Takiro’s chest tightened.
He thought of his own daughter. Her laugh. The way she slept with one hand curled into his sleeve.
“I was on my way to—” Takiro started.
Then he stopped.
The resignation letter burned inside his coat.
“…Show me where,” he said.
The house had collapsed inward, crushed beneath the shockwaves of the battle between the former Number One and the main villain.
Takiro stood before the wreckage, hand resting on the hilt of his sword.
His power stirred.
Aeris Dominion.
That was the name passed down through his bloodline—the ability to compress air into invisible blades, to shape pressure itself into a weapon. His grandfather had been a hunter who used a sword to guide the wind. His father, a surgeon, taught him precision—how even the smallest cut could decide life or death.
Takiro inhaled.
“Just one clean sweep,” he whispered.
He swung.
AERIS ART: THOUSAND VEINS.
The air screamed.
Invisible blades tore through rubble, slicing concrete into manageable pieces. The debris cleared—fast, efficient—
Too fast.
Cracks spider-webbed through a neighboring structure already on the brink of collapse. The building shuddered… then fell apart in a thunderous crash.
Takiro froze.
Even now…
I still can’t control it perfectly.
His grip tightened on the sword.
“This power won’t matter soon anyway,” he muttered.
Then he heard it.
A cough.
Takiro dropped to his knees, tearing rubble aside with his bare hands.
There—beneath a slab of concrete—was a small girl.
Alive.
Her breathing was shallow, her body bruised, but her chest was moving.
Takiro lifted her gently, shielding her from the dust as he emerged from the ruins.
The father saw her first.
His legs gave out.
The mother screamed—not in grief, but in disbelief.
They clutched their daughter, sobbing, bowing, pressing their foreheads to the ground.
“You’re a god,” the father said through tears. “You saved our world.”
Takiro stepped back.
“I’m just a hero,” he said quietly.
But the words rang hollow.
As Takiro walked away, his chest felt heavier than before.

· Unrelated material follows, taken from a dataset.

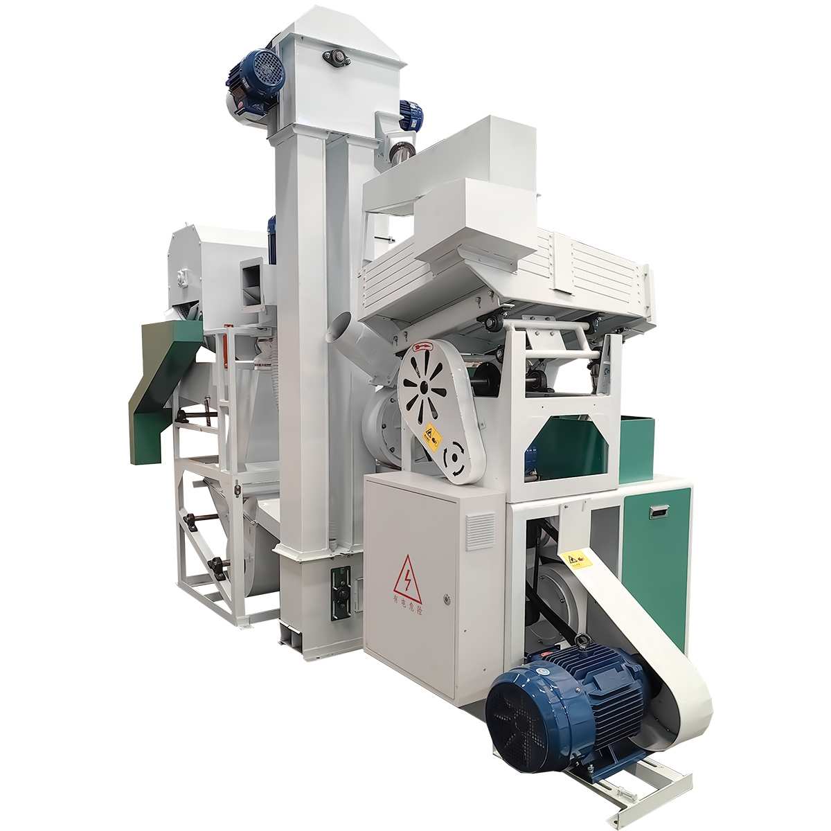 Continuous automatic operation: paddy cleaning → husking → rice polishing → grading.
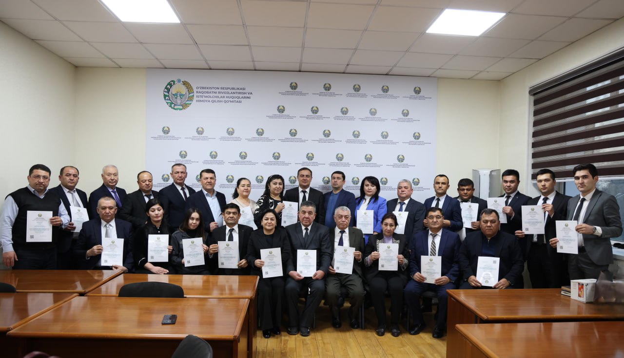 Рақобат қўмитаси ҳузуридаги Рақобат сиёсати ва истеъмолчилар ҳуқуқлари тадқиқотлари маркази томонидан Ўзбекистон Республикаси Президентининг 2025 йил 6 октябрдаги ПҚ-296-сон “Истеъмолчилар ҳуқуқларини самарали ҳимоя қилишни ташкил этиш чора-тадбирлари тўғрисида” ги қарори ижросини таъминлаш мақсадида истеъмолчилар мурожаатлари билан ишлаш, “Сирли мижоз” ва назорат хариди тадбирларини ўтказиш ҳамда “Истеъмолчи мурожаати” электрон тизимида ишлаш бўйича нодавлат нотижорат ташкилотлари ходимларини ўқитишга қаратилган махсус ўқув курслари ташкил этилди.

If I can still save even one life…
If I can still do something…
The image of the villain burned in his mind.
The towering figure.
The glowing hand that erased power itself.
The way the former Number One had died—untouched one moment, gone the next.
Takiro stopped.
He turned toward Hero Headquarters.
“…At least I can give them the truth,” he said.
The resignation letter remained in his pocket.
For now.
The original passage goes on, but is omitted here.